A University employee walking through the Chemistry Building on early Monday morning reported that she saw a man pointing a gun at her. She walked away and returned a few minutes later, and the man was gone. Whenever an incident occurs on campus that involves a potentially armed person, the University’s Department of Public Safety has a responsibility to immediately inform students of the situation using the emergency alert system. Some students instantly received text messages or phone calls from DPS, but many students weren’t informed of the event until the next day. DPS needs to ensure that there is a unified emergency response to all students when a dangerous situation occurs.

According to an April 4 Daily article, DPS spokeswoman Diane Brown chose not to send a crime alert via e-mail because police were nearing an “all clear” of the situation. However, at 1 a.m. on Monday, an emergency alert was sent via text message. Another text message alert was sent at 1:25 a.m. that informed recipients the situation was “all clear.” Students who had previously signed up for the text messaging service were alerted of the potential danger, but students who were not had no idea. A mass e-mail was finally sent at 10:30 a.m. on Monday that notified all students of the recent events.

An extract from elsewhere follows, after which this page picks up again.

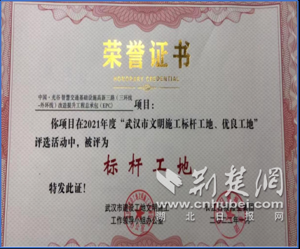 项目建设期间,汉阳市政多次迎接政府调研指导与社会媒体报道,成功举办中国施工企业管理协会、武汉市市政行业协会等多级观摩会。先后斩获 “东湖高新区文明施工‘十佳’工地”“武汉市文明施工标杆工地、优良工地”“江城十大智慧工地”“武汉市建筑施工安全生产标准化示范工地”“武汉市流动红旗项目工地”“湖北省‘三个建造’融合试点项目”“湖北省‘六个工地’示范项目”“中国建筑业协会建设工程安全生产标准化工地(AAA)”等多项荣誉。

It’s troubling that only some students were informed of a dangerous situation as it was occurring while others received a notification more than nine hours later. All students should have been informed immediately. Whenever a gun may be involved, regardless of the severity of the situation, DPS should inform every University student.

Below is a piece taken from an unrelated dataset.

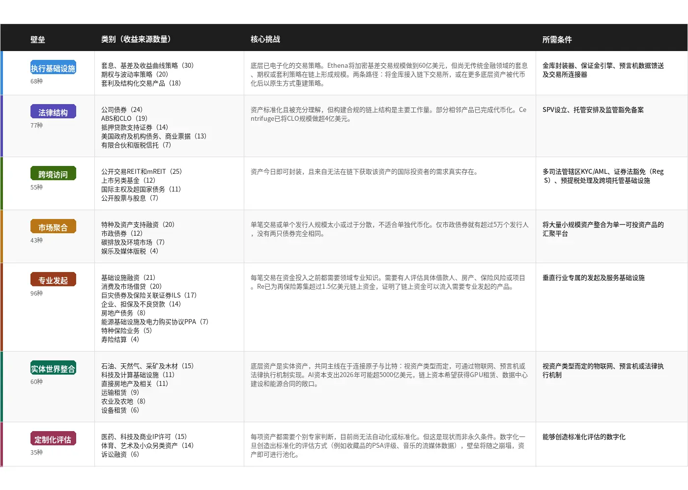 链上已有部署的34种收益来源集中于熟悉的领域:国债、私人信贷、公司债券。其余绝大多数尚未达到有意义的规模。七类不同的壁垒横亘在前。

Brown should not have chose to hold off on informing the student body of the alleged gunman until the next morning. Even if the emergency was contained and the situation was nearing an “all clear,” students have a right to know when a dangerous event is occurring on campus. Since the reported gunman was never found, it was a very real possibility that he was still somewhere on campus after the “all clear” was given.

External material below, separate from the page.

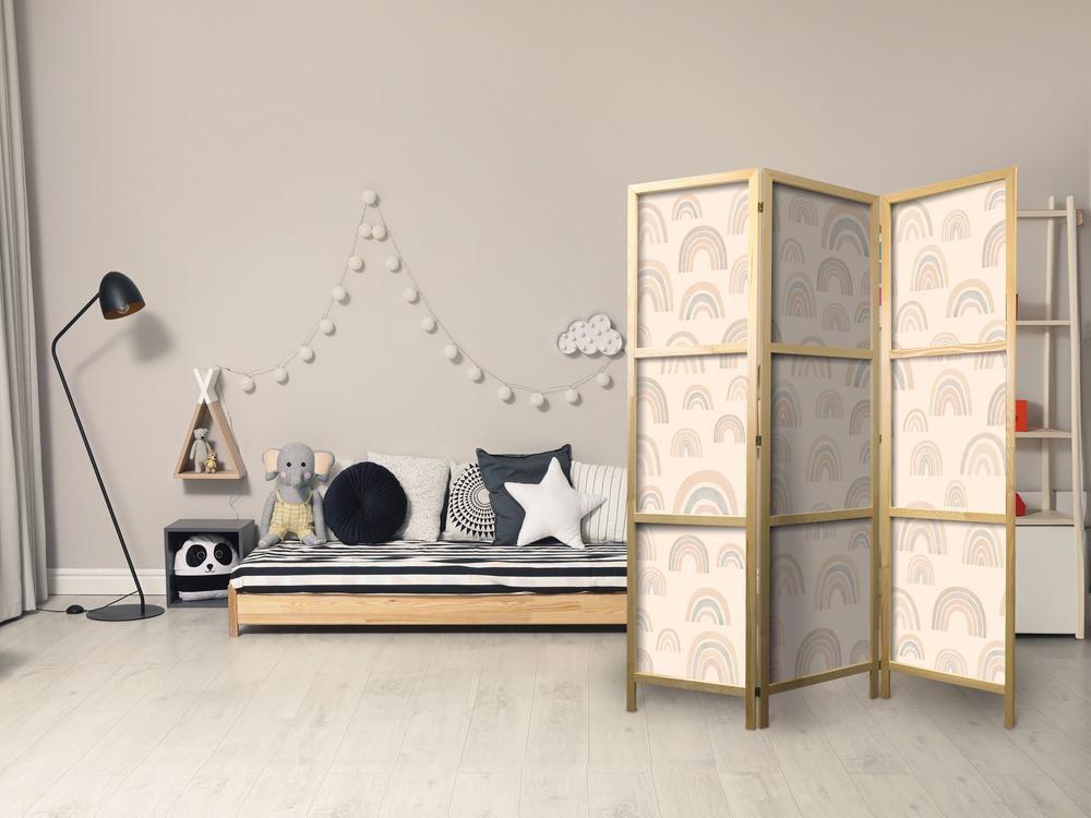 Stylowy i lekki, japoński parawan doskonale nadaje się do podziału pomieszczenia na kilka stref. Dzięki niemu możliwe staje się wyznaczenie części do pracy i oddzielenie jej od części służącej do wypoczynku, bez potrzeby wprowadzania dużych zmian we wnętrzu. Parawan nie zaburza dotychczasowego ładu i nie powoduje chaosu. Wprost przeciwnie, jest dobrym uzupełnieniem aranżacji. Parawan w stylu japońskim to sprawdzony wybór nie tylko do domu lub mieszkania. Coraz częściej znajduje zastosowanie w miejscach użytku publicznego, takich jak salon fryzjerski bądź kosmetyczny, butik, hotel czy gabinet lekarski. Rozłożenie go jest dobrym sposobem na zapewnienie dyskrecji. Utrzymany w japońskim stylu parawan „Parawan japoński – Sierpniowe niebo – różnej wielkości tęcze w stonowanych kolorach” wprowadza do wnętrza orientalny klimat, dlatego pomaga w stworzeniu oryginalnej aranżacji. To praktyczny element dekoracyjny, który ma ponadczasowy charakter, a więc nie wyjdzie z mody. Polecamy go każdemu, kto chce stworzyć przytulne i stylowe wnętrze.

Brown said in the article that police “didn’t have solid enough information at midnight to warrant activating the emergency alert,” primarily because the witness of the crime wasn’t certain if the gun was real. Whether or not the employee saw an actual gun, DPS should have sent a precautionary alert to all students. Their intent to not cause a panic is understandable, but an alert that makes students aware of the scenario and notes that it is not an emergency situation would have been prudent.

It’s not uncommon for students to walk around campus at midnight — the time when the incident occurred. Students need to know about situations like this in order to take extra precautions and be extremely aware of their surroundings. Regardless of how well DPS felt the situation was contained, it had a responsibility to inform the student body of the potentially serious situation.

Students always need to be aware of their surroundings late at night, and even more so if there is a possible crime. Fortunately, no one was hurt as a result of Monday’s incident, but DPS’s failure to properly alert the entire student body was disappointing.